DESCRIPTION (provided by applicant): Influenza viruses display antigenic drift necessitating development of updated vaccines each year. Misjudgment or absence of appropriate information can lead to design and production of vaccines with marginal ability to protect against the prevailing strains. Influenza also undergo genome reassansortment by co-infection of animal host cells with two different influenza viruses. Since there are influenza strains that infect birds, swine, horses and humans and since these host-adapted viruses have different antigenic components, genome reassortment can generate influenza strains that have never existed before. Consequently, such new reassortment viruses could cause an influenza pandemic, with potential to cause some 300 million world-wide deaths. The economic consequences of such a pandemic due to morbidity, health care delivery and in burying the deceased would be staggering. Since methods exist to generate such reassortment viruses in the laboratory or by willful co-infection of cells or animals, it must be appreciated that influenza could become a significant bioweapon. Another problem with current technology in making influenza vaccines is the reliance on using embryonated eggs that is time-consuming (taking four months), has low productivity and, most troublesome, cannot be used when needing to make vaccines with some avian influenza components. Our objective is to design, construct and evaluate a novel inexpensive rapidly modifiable vaccine for oral needle-free vaccination to deliver DNA vaccines and protective antigens/epitopes to induce protective immunity, including mucosal immunity, in children and adults to prevent infection by influenza viruses with avian and human antigenic components. In addition to relying on inducing protective immunity to HA antigens, we will thoroughly investigate the potential to induce a longer lasting cross-protective cellular immunity by delivery of conserved antigens containing T-cell epitopes. The vaccine delivery system employs attenuated Salmonella strains with special newly developed features to maximize colonization of lymphoid tissues and that display a regulated delayed lysis in vivo phenotype to release DNA vaccines encoding influenza hemagglutinin antigens in the cytosol of host cells and deliver protective antigens/epitopes to other tissues.

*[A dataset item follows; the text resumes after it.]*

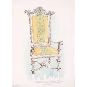 Original design drawing for the British Optical Association’s Masters' [sic] Chair, as provided to George M Hammer & Sons, The Strand (interior decorators and furniture designers). Pencil and watercolour on paper.

描述（由申请人提供）：流感病毒显示抗原漂移，每年需要开发更新的疫苗。错误的判断或缺乏适当的信息会导致疫苗的设计和生产具有边缘能力，以防止现行菌株。流感还通过与两种不同的流感病毒共同感染动物宿主细胞，可以进行基因组的态度。由于有流感菌株感染鸟类，猪，马和人类，并且这些适应宿主的病毒具有不同的抗原成分，因此基因组的重组可以产生以前从未存在的流感菌株。因此，这种新的重新分类病毒可能会引起流感流行病，并可能导致全球范围内约3亿人死亡。由于发病率，医疗保健和埋葬死者而导致的大流行的经济后果将是惊人的。由于存在在实验室或通过故意的细胞或动物共同感染中生成这种保养病毒的方法，因此必须理解流感可能成为重要的生物武器。当前技术生产流感疫苗的另一个问题是，依赖使用时间耗时的胚胎卵（花了四个月），生产率较低，最麻烦的是，在需要用某些禽流感成分的疫苗时，无法使用。我们的目标是设计，构建和评估一种新型廉价的迅速修改的疫苗，用于无针头疫苗接种，以提供DNA疫苗和保护性抗原/表位，以诱导包括粘膜免疫，包括儿童和成人在内的保护性免疫，以防止流感和人类抗原抗原抗原抗原的疫苗感染。除了依赖于抗原抗原的保护性免疫外，我们还将通过递送含有T细胞表位的保守抗原来诱导更长的持久跨保护细胞免疫的潜力。该疫苗输送系统采用具有特殊新开发的特征的衰减沙门氏菌菌株来最大化淋巴组织的定殖，并且在体内表型中显示了受调节的延迟裂解，以释放编码宿主细胞和保护性抗原抗原和其他组织胞质胞质的流感型血瓜蛋白抗原的DNA疫苗。